● TO DO
Could you restate word for word the lines running from the one with "enter 2020, we" to the end of the data, both ends included, but without pictures?

● DATA LISTING
- Opening Delimiter -
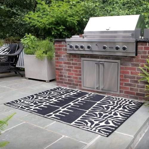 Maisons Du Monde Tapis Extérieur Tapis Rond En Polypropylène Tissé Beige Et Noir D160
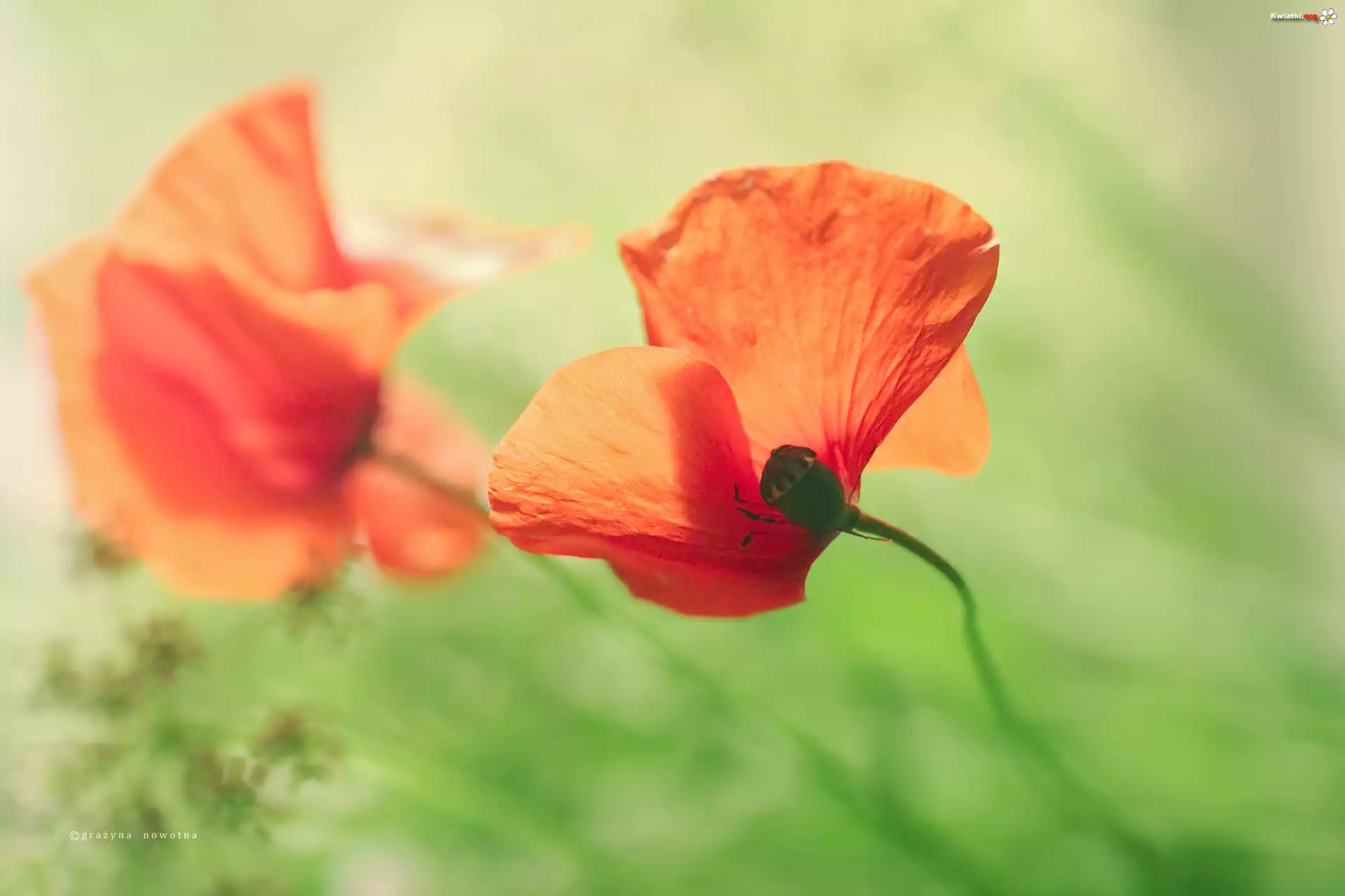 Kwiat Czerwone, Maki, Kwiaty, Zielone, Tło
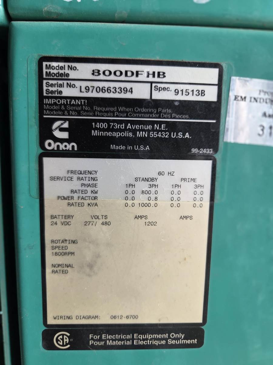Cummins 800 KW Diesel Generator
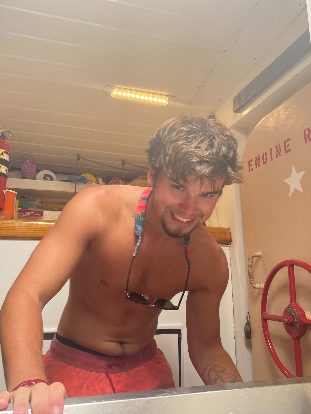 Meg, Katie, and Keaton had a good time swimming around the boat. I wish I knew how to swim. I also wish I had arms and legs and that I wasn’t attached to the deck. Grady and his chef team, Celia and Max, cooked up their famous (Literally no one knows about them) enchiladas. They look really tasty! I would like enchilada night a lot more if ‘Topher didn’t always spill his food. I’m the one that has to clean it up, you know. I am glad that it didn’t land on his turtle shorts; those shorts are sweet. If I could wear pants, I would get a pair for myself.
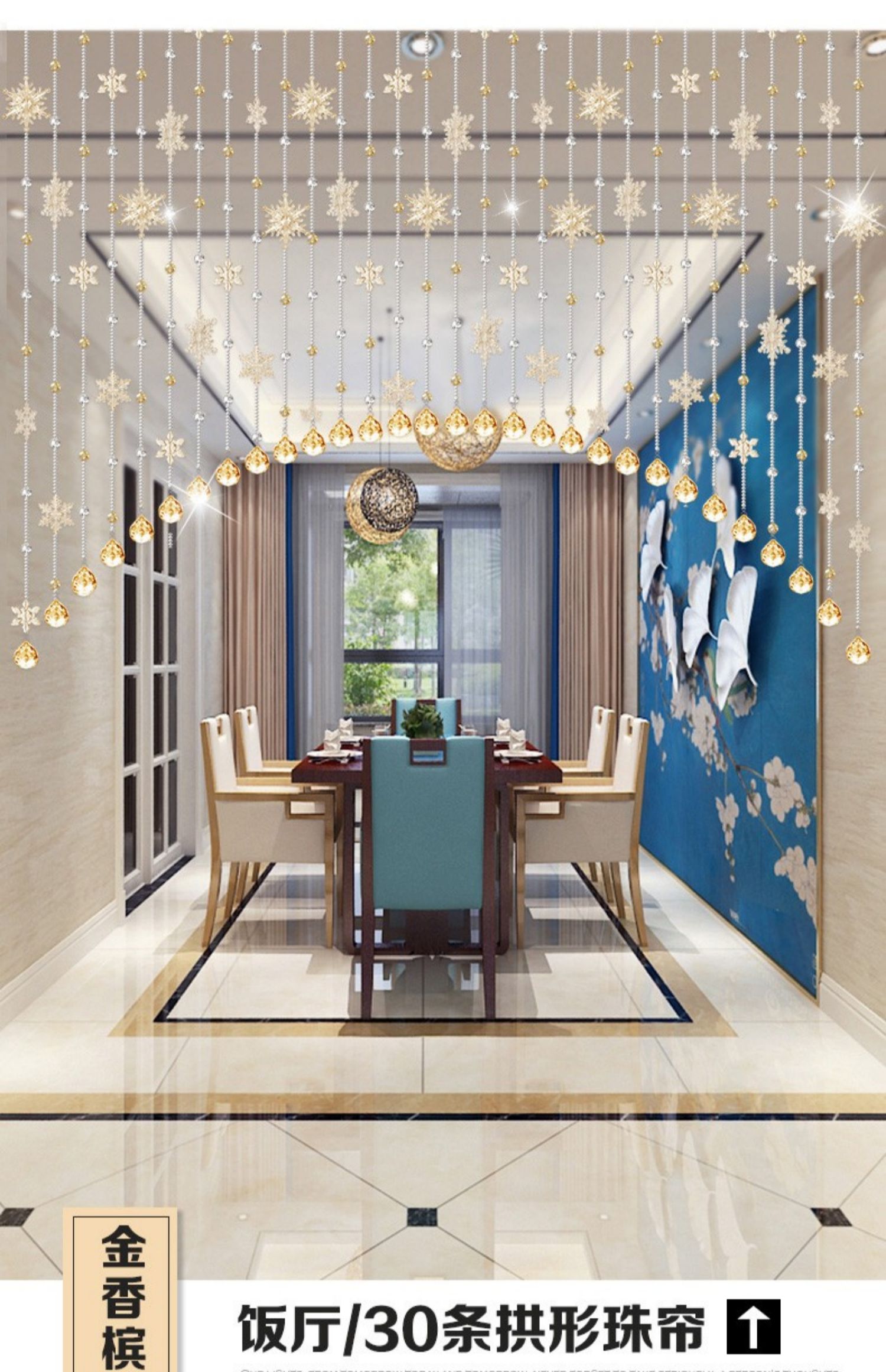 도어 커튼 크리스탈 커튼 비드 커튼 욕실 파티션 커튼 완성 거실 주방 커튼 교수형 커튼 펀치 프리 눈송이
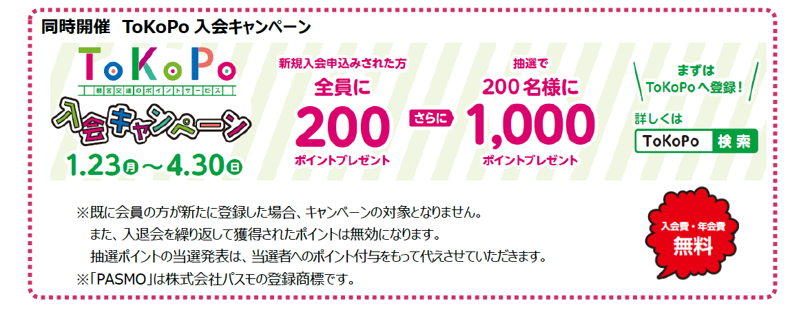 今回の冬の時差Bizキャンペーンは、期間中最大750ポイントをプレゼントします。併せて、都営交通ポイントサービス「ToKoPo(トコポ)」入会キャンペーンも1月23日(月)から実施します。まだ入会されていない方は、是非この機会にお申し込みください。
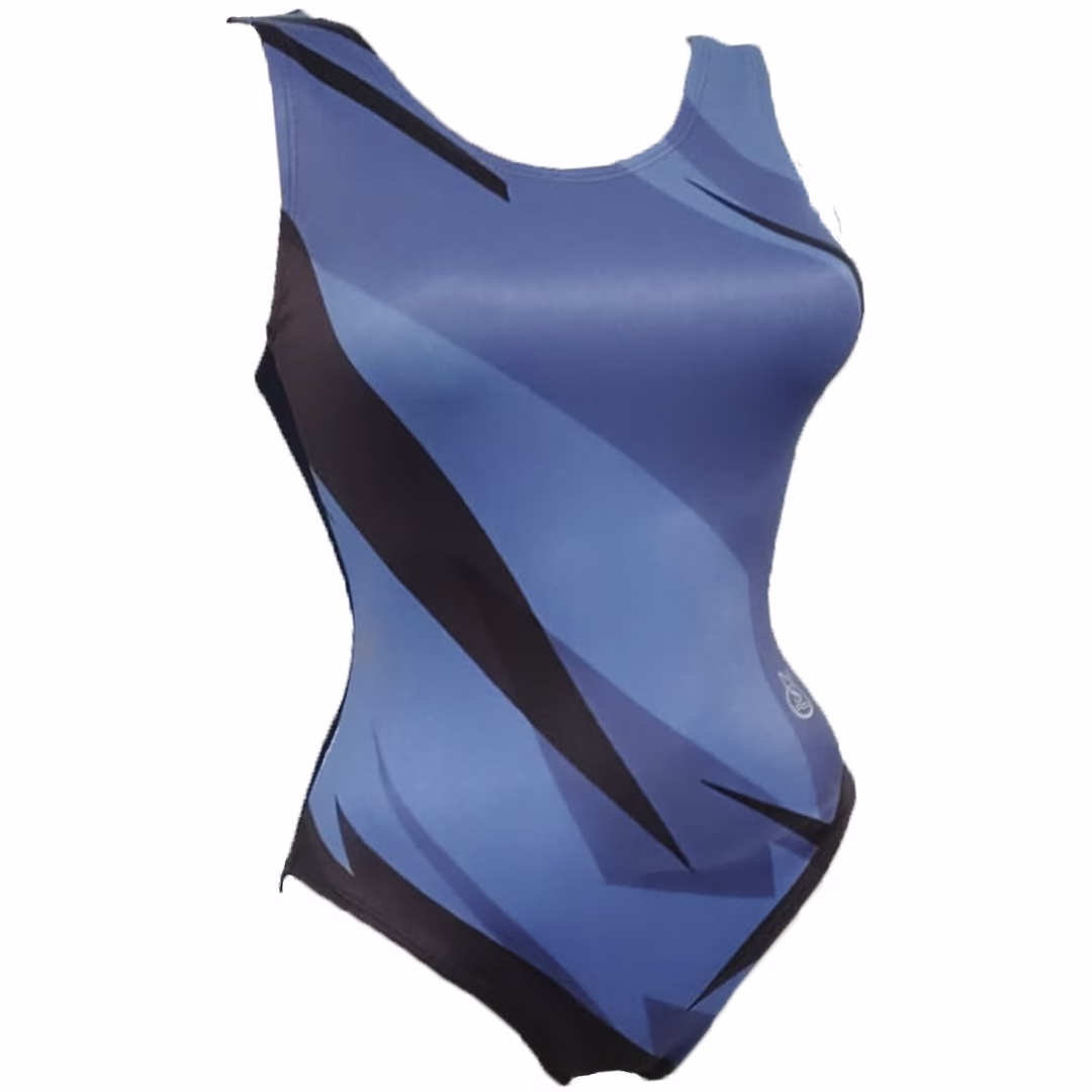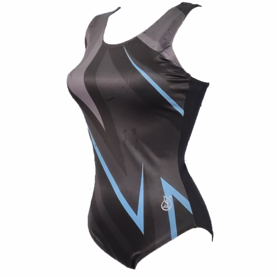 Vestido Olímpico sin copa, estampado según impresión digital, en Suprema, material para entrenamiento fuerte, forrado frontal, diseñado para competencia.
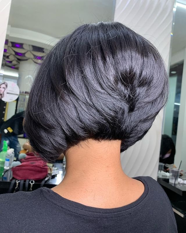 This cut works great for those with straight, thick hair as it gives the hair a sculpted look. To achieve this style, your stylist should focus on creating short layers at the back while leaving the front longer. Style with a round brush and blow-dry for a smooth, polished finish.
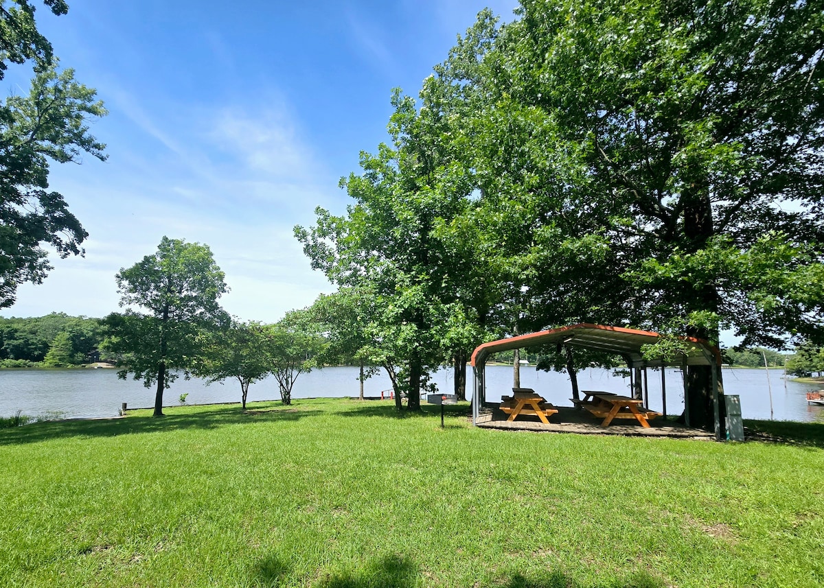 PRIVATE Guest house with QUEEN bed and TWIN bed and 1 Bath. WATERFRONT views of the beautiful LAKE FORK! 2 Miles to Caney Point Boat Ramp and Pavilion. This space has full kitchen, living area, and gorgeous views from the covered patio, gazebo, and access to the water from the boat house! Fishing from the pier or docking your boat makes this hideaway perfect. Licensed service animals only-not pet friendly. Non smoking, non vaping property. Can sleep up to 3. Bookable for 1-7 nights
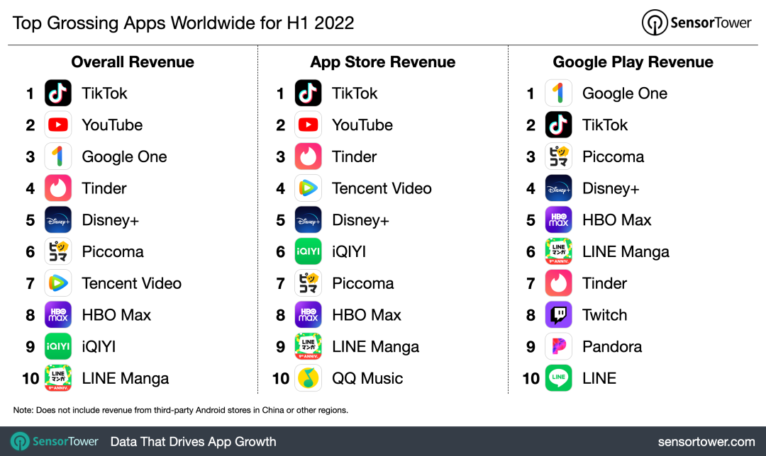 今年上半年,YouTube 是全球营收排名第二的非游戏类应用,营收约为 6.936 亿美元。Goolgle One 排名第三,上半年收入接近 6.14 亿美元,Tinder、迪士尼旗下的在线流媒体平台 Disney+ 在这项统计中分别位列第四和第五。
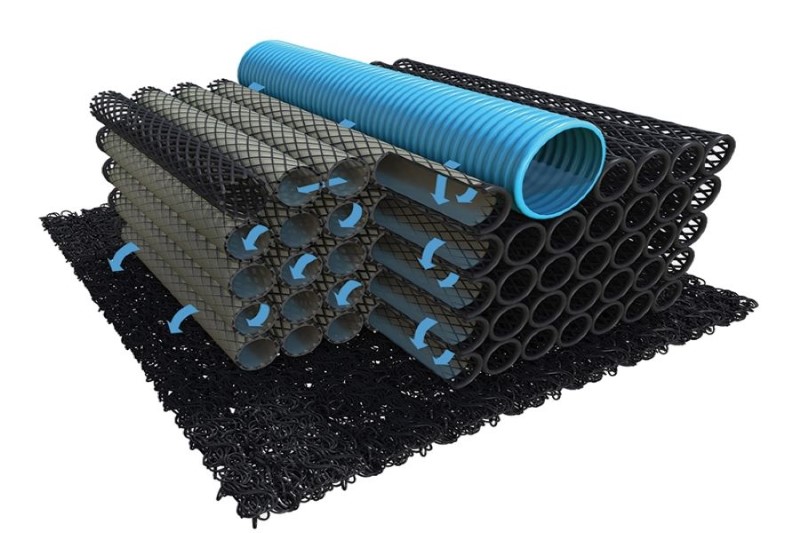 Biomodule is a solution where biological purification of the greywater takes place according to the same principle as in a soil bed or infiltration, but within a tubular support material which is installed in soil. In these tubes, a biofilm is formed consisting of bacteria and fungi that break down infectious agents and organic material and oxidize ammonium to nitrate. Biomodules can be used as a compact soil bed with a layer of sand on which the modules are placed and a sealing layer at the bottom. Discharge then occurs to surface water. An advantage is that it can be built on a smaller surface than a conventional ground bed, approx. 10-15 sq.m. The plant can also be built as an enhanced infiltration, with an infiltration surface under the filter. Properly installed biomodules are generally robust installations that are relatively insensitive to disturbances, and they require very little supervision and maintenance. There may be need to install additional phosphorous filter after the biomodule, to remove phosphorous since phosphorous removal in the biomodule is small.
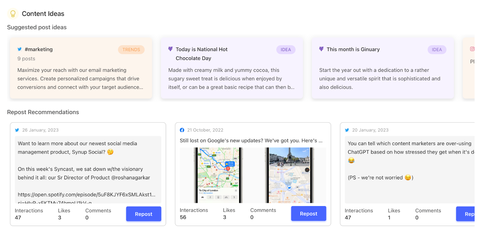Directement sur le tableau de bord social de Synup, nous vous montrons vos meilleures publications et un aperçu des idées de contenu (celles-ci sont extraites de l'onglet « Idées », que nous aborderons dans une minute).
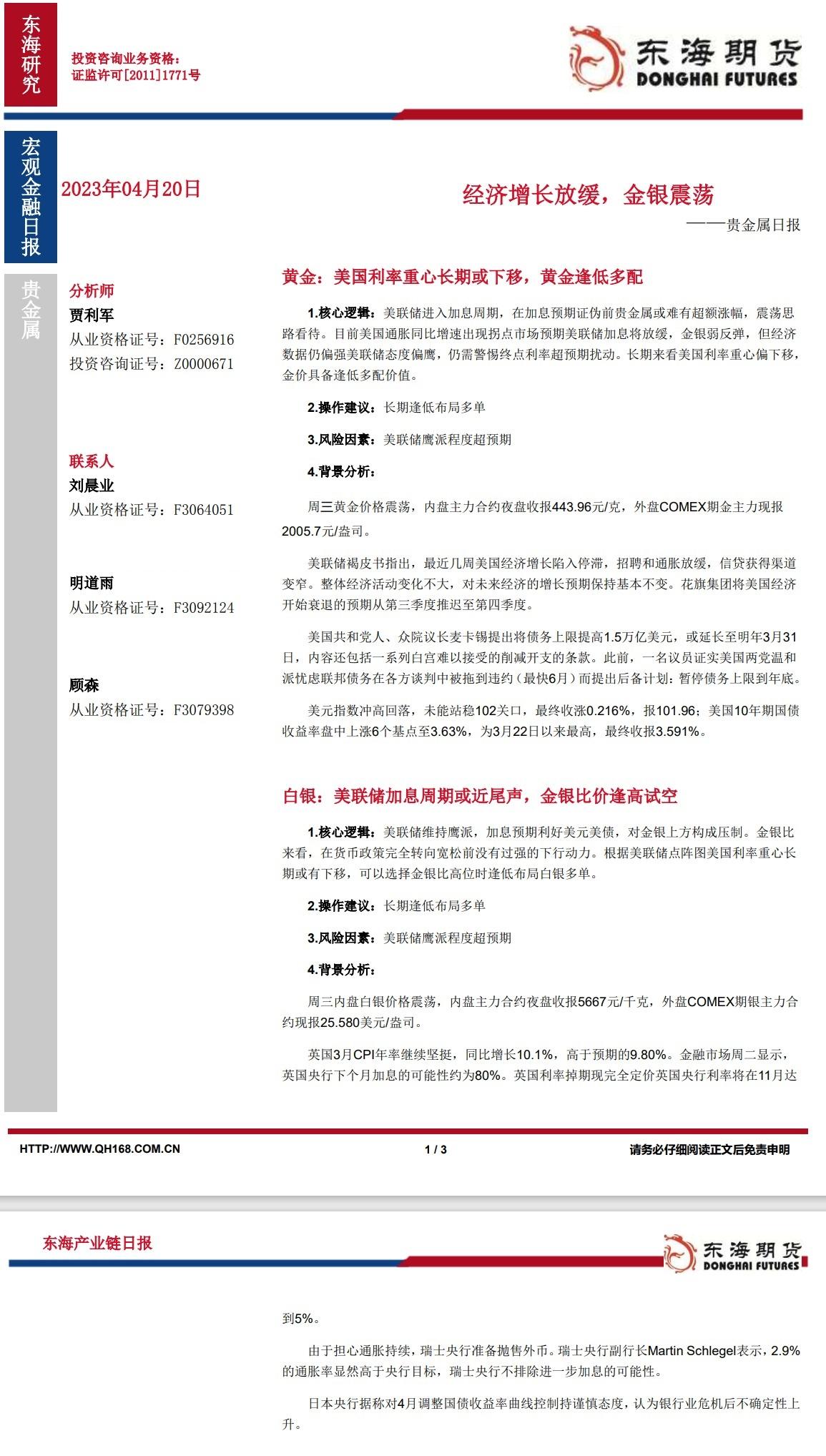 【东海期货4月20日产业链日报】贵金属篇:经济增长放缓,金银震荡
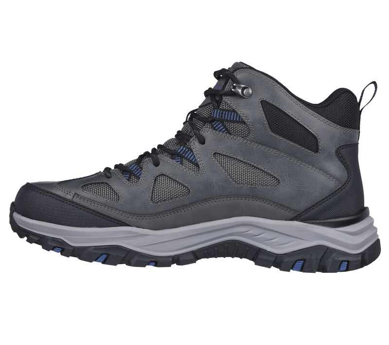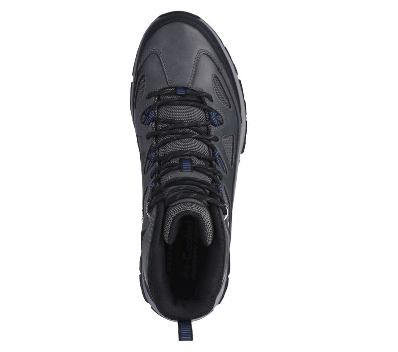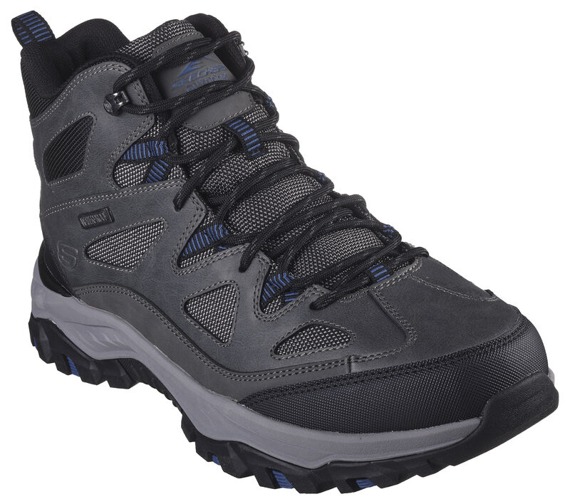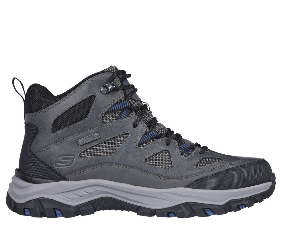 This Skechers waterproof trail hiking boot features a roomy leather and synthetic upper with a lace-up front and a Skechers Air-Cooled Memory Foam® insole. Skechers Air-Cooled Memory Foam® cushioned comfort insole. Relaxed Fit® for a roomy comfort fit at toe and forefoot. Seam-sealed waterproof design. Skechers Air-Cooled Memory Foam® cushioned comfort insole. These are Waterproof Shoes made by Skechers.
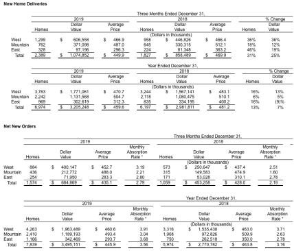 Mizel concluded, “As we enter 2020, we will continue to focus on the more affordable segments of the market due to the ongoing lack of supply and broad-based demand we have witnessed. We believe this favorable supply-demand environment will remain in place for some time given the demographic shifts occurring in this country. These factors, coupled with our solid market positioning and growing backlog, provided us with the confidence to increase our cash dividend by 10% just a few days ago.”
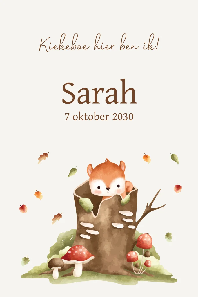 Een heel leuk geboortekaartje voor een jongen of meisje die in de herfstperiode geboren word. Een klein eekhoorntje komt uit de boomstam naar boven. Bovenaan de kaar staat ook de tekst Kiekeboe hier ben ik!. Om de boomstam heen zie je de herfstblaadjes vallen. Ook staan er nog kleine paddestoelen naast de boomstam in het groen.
- Closing Delimiter -
● EXERCISE OUTPUT
 Mizel concluded, “As we enter 2020, we will continue to focus on the more affordable segments of the market due to the ongoing lack of supply and broad-based demand we have witnessed. We believe this favorable supply-demand environment will remain in place for some time given the demographic shifts occurring in this country. These factors, coupled with our solid market positioning and growing backlog, provided us with the confidence to increase our cash dividend by 10% just a few days ago.”
 Een heel leuk geboortekaartje voor een jongen of meisje die in de herfstperiode geboren word. Een klein eekhoorntje komt uit de boomstam naar boven. Bovenaan de kaar staat ook de tekst Kiekeboe hier ben ik!. Om de boomstam heen zie je de herfstblaadjes vallen. Ook staan er nog kleine paddestoelen naast de boomstam in het groen.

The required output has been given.